If you are forming a keloid at the lobe — a firm, raised scar that grows beyond the original wound — that changes the plan, and it’s worth raising at consultation, because keloids are managed differently from a clean tear. Otherwise, almost any healthy adult with a torn or stretched lobe is a candidate. There is no general anesthesia and no downtime to schedule around.

Torn Lobe vs Gauged Lobe

Both procedures share the same first step — removing the old skin-lined tract — but they solve different problems, and that changes the operation.

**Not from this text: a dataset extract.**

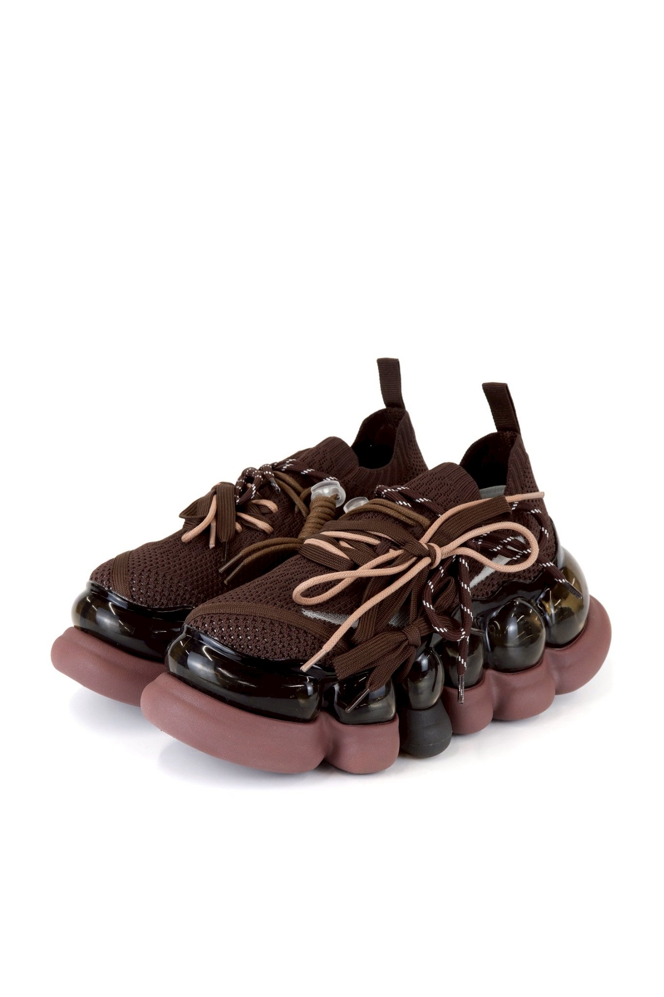These shoes feature a knit upper with a mesh design on the sides and three types of shoelaces.

We decide which one fits you at your consultation.
Torn LobeGauged Lobe
The problemA narrow defect — the tissue is all still there; it has just separated.A volume problem — the lobe has been thinned and elongated, so closing it isn’t enough.
The repairA straight-line layered closure restores the edge cleanly.The rim has to be rebuilt to look rounded again, often by removing the redundant skin and reconstructing the border.
Scar & scaleA fine line along the repair.A slightly longer scar; occasionally staged.
Track record91% good result, with re-splitting in only about 1% of patients in a 68-lobe series over four to ten years.A larger repair, but a reliable one for restoring a rounded rim.

Will it look natural?

The worry I hear most is that a repaired lobe will look obviously fixed — a visible line, a notch, or a lobe that no longer matches the other side:

  • The goal of an earlobe repair is modest on purpose: restore a normal lobe contour, matched as closely as possible to your other lobe — not reshape the ear or change its character.
  • Only the part that won’t heal is removed; the rest is closed so the edge is smooth and continuous again.
  • The layered closure is what keeps the lower edge from notching, which is the giveaway most people are trying to avoid.
  • If you want to wear earrings again, the lobe can be re-pierced once it has fully healed. Most patients tell me the repaired lobe is hard to pick out once the fine scar settles — and the bigger change is that they stop thinking about it.

Dr. Manning’s Approach

There is no single earlobe repair. A clean split, a partial tear, and a stretched gauge are three different problems, and a systematic review of these techniques describes at least six distinct closure methods used across them — straight-line closure, Z-plasty, local flaps, and others.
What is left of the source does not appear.